Track ECN is celebrating July with a low liquidity taker rate. The ECN will drop its take fee to 20 cents for 100 shares from 23 cents. Its rebate for liquidity providers will remain 22 cents for 100 shares.

This inverted pricing-in which the take fee is lower than the rebate-means the ECN will lose 2 cents for every 100 shares executed in July, instead of making 1 cent based on its customary pricing spread. After July, the take charge will revert to the previous fee.

"We're trying to get liquidity providers filled faster, therefore creating a better opportunity for liquidity providers to be profitable on their trades," says Joe Schultz, a vice president at Track ECN. "To do that, we must cater to the take side, because pricing on the take side dictates where you are on the liquidity taker's router. We want takers to come to us before other destinations."

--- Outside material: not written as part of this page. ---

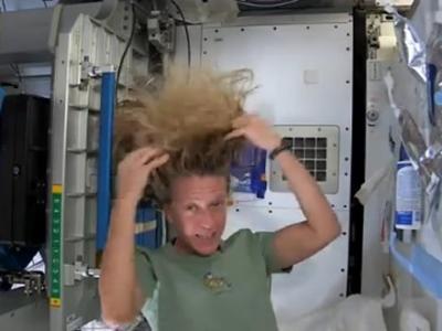 国际空间站女航天员演示在失重环境下洗头发 每天负责许多重要工作的航天员,睡觉...

Schultz expects more firms to connect directly to Track to take advantage of the lower take rate. Track currently has about 100 direct connections.

Track's pricing sale mimics BATS's January inverted pricing schedule, which boosted its volumes and encouraged brokers to connect directly to the ECN. BATS provided rebates of 30 cents for 100 shares and charged 20 cents.

Track's take fee discount applies to internal executions, which represent 30 percent of Track's business. The majority of the ECN's business comes from executions via the National Stock Exchange, where Track posts its order book. Track liquidity providers who get executed through the NSX will still get 27 cents per 100 shares.